The water is about knee-deep in most places. Brown and murky, I’m not able to see the terrain of the riverbed. But I know that it is absolutely littered with debris. Rocks. Downed trees. Holes and pits.
I know this because I’ve been stumbling along – slamming my feet and legs into things, if I’m lucky the edges are not too sharp or jagged.
Or stepping halfway onto a rounded rock, slippery with the muck and growth. My foot seems to accelerate off the rock as it slips down the surface, pulling me forward into the next obstacle.
I’m not allowed to slow down – it’s just simply not allowed!
Try as I might to slow down, the current of life is pushing and pulling me along. I can not be hesitant or careful with my steps. I march forward fully expecting the ground to be solid and stable beneath my feet. Unable to slow down and tentatively feel out the terrain below my next step.
I muster up my confidence and continue to move on. Sure that I’ll find my rhythm and routine any step now.
Walking full speed in knee deep, obstacle ridden, brown murky waters. That is what it has been like for me experimenting with Novolog.
I usually pump Humalog insulin. I have for as long as I can remember (does anyone remember when it was first made available?). I had an opportunity to get my hands on a bottle of Novolog, and wanted to try it. For no good reason really. The Humalog was/is working fine (for the most part). It seems a little slow for me at times, but not enough to make me want to get rid of it.
From what I can tell, the Humalog vs. Novolog use is just as individual as we are. For some people one works better than the other, and for other people they can’t tell any difference. Some folks have had to switch because of insurance arrangements. Others prefer one over the other.
For me, the out of pocket cost is the same. I have noticed that for meal boluses, the Novolog seems to kick in faster, which I kind of like. Same for correction boluses. I rocket down like some kind of bungee jump ride that doesn’t bounce back up. They don’t seem to stop when I’ve reached my target – they keep going and dragging my BG down with them! Resulting in lows, which I’m prone to over treat. I haven’t had the time to really dig in and test with it though.
For the most part it has made me unsure of my ratios and calculations. These same ratios and calculations that I have been using for years. It has made me less confident of my moves when I’m bolusing for a meal or for a correction. A little gun shy maybe.
But then I pay for it when I reduce the recommended doses.
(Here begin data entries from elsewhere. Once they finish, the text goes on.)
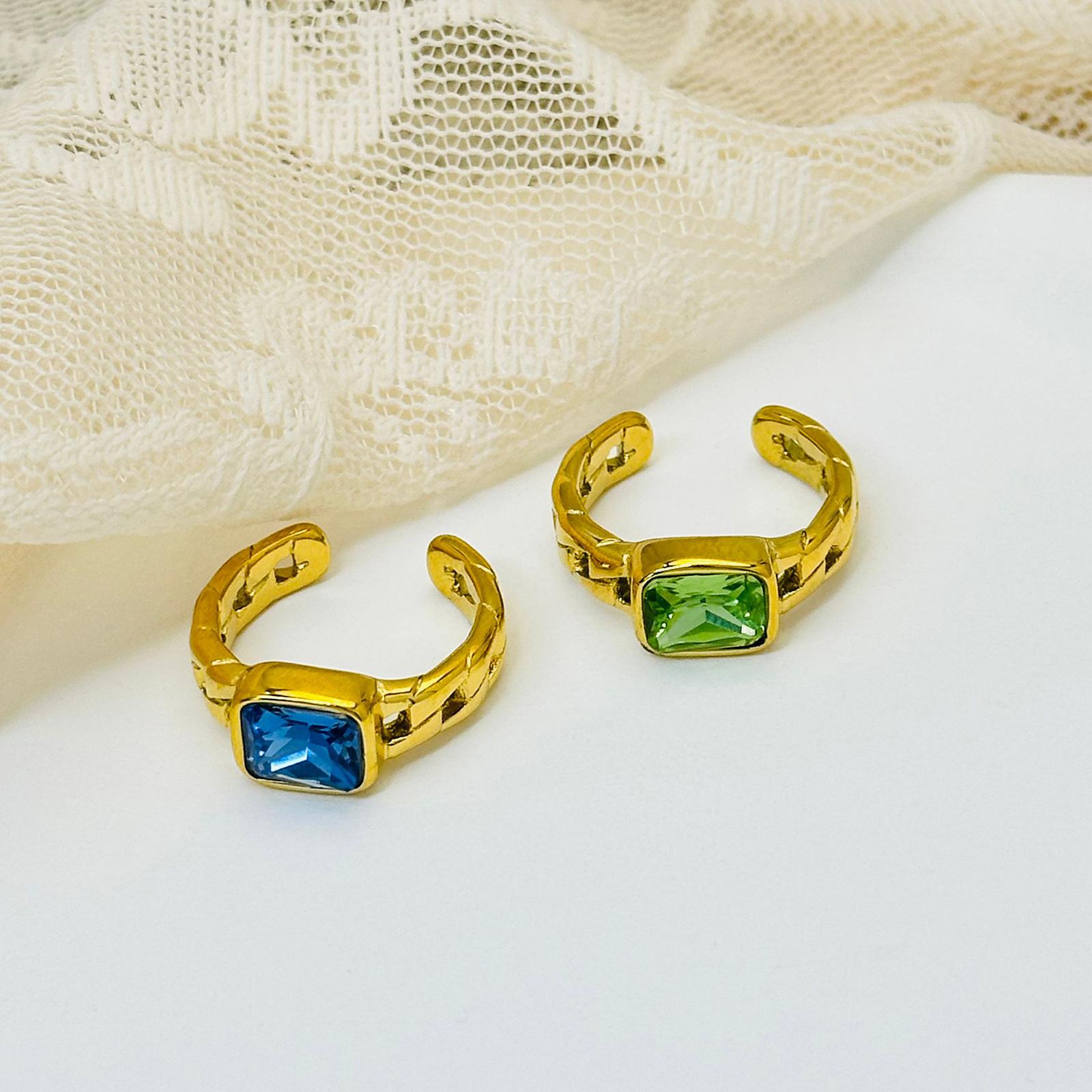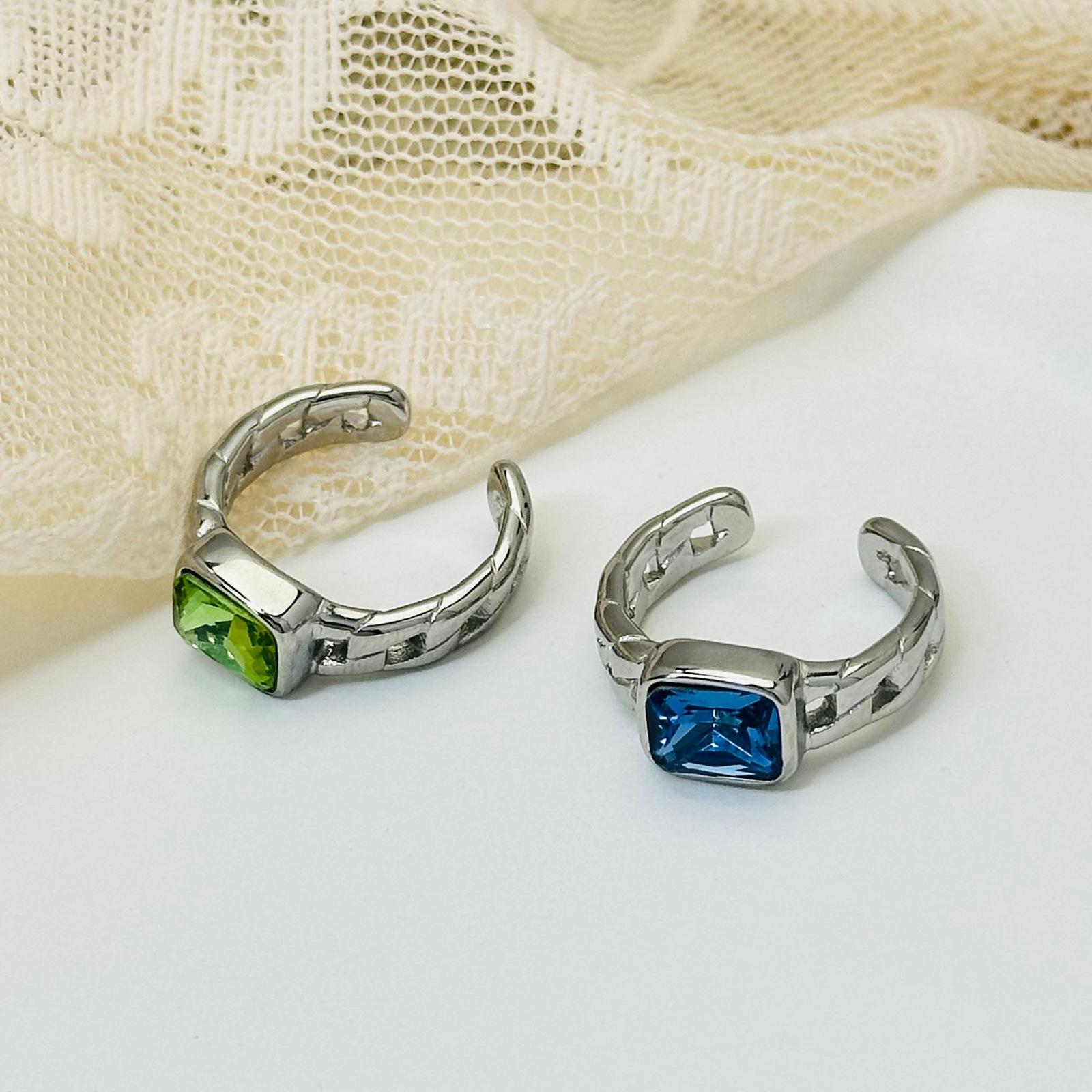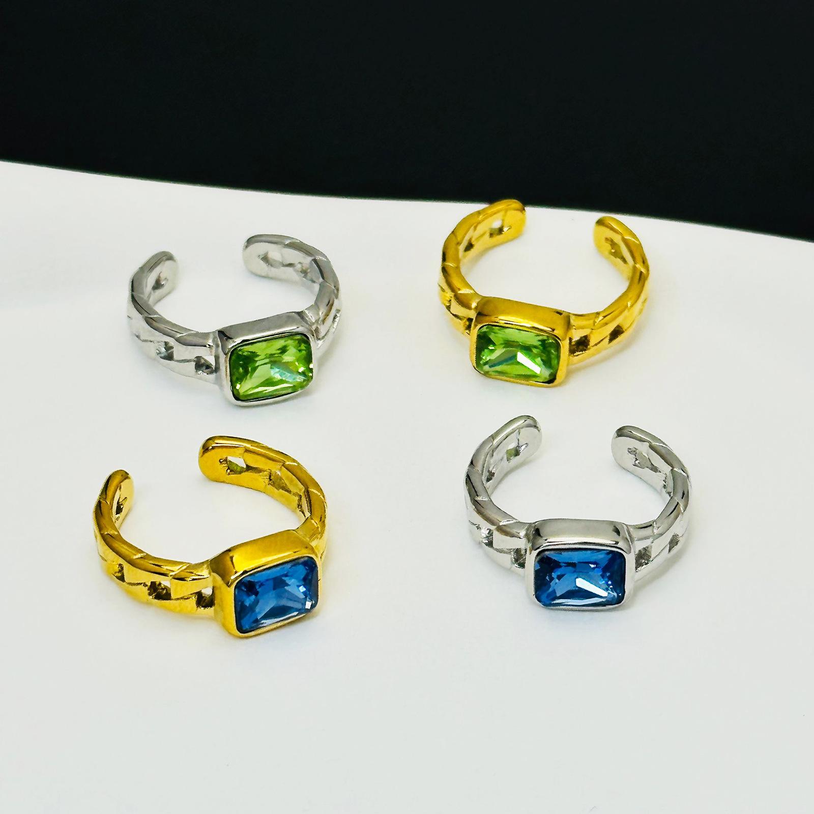 Anillo de Acero de Titanio con Apertura Ajustable Estilo Francés Nuevo Azul Azúcar Verde con Incrustaciones de Diamantes Anillo de Mujer Pequeño y Pequeño
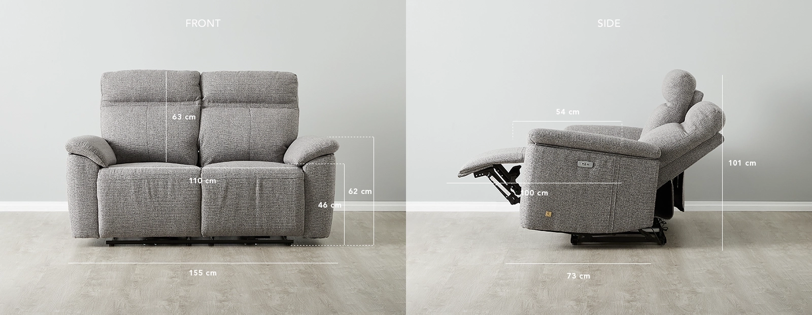 Introducing the McKenna Fabric 2-Seater Electric Recliner, combining style, comfort, and modern convenience. The Dark Grey woven fabric adds coziness and a tactile experience to its timeless beauty.
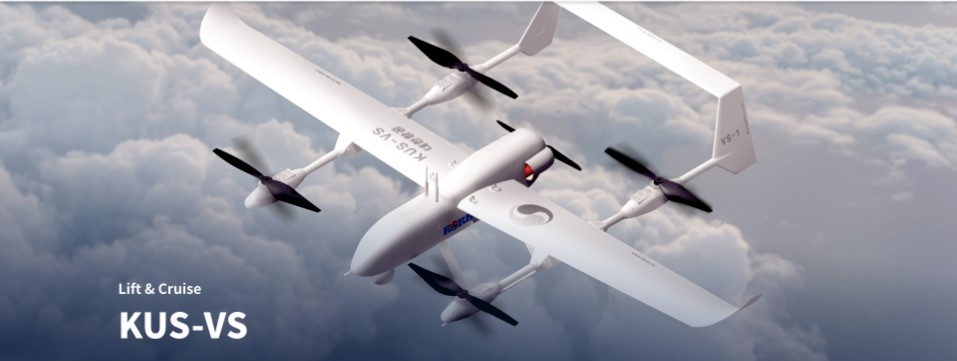 Korean Air sta anche sviluppando un UAV avanzato “lift & cruise”, il KUS-VS. La tecnologia “Lift & Cruise” sfrutta i propulsori indipendenti per la crociera e per il sollevamento. Durante il decollo e l’atterraggio verticali (VTOL), l’UAV utilizza la spinta di sollevamento alimentata da rotori montati verticalmente e, una volta raggiunta l’altitudine di crociera, i rotori montati orizzontalmente forniscono la spinta di propulsione. Questa tecnologia consente una maggiore velocità di crociera e una maggiore autonomia di volo rispetto agli elicotteri. La compagnia aerea prevede di proporre in seguito il KUS-VS ai militari come UAV di nuova generazione a livello di divisione.
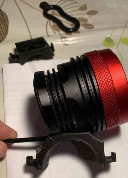 Dette er et håndtagsfæste til forskellige almindelige CREE - XML - T6 osv. cykellygter, som er tilgængelige fra en populær auktionsside og andre steder.
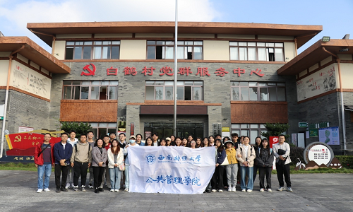 师生一行首先在村书记杨柳的带领下参观了白鹤新村。白鹤新村建成于2018年,是周边6个村集体建设用地整理后形成的一个村民集中居住点。该村积极探索以党建引领的集体经济发展和新村管理新模式,通过“党建+集体经济+村民”的方式,积极盘活村内资源,使村集体经济年收入达到50万元以上。同时,新村积极探索“党建+自治”的新村治理模式,村民住新村、作新民、守新规、树新风蔚然成风。
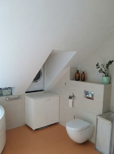 Łazienka SPA: Jasna, doświetlona oknem dachowym, wyposażona w prysznic, wannę z hydromasażem oraz pralkę i suszarkę marki Bosch.

I am 100% sure that, given enough time, I could figure it out (we are good at figuring things out). But, without a good reason to change right now, I will probably just add this knowledge to my toolbox and put it away for a while.
Granted, it may not be the best time to make a decision. Somewhat shaky about things and anxious to get back to my clear and shallow swimming pool – clear water and a flat and stable concrete bottom.
I’m also in a position where I don’t need to make a decision. If I choose to re-evaluate again in the future, I’ll have a better idea what I’m getting into and can maybe better set my expectations. I am deciding not to decide right now.
It sure has been an interesting few days!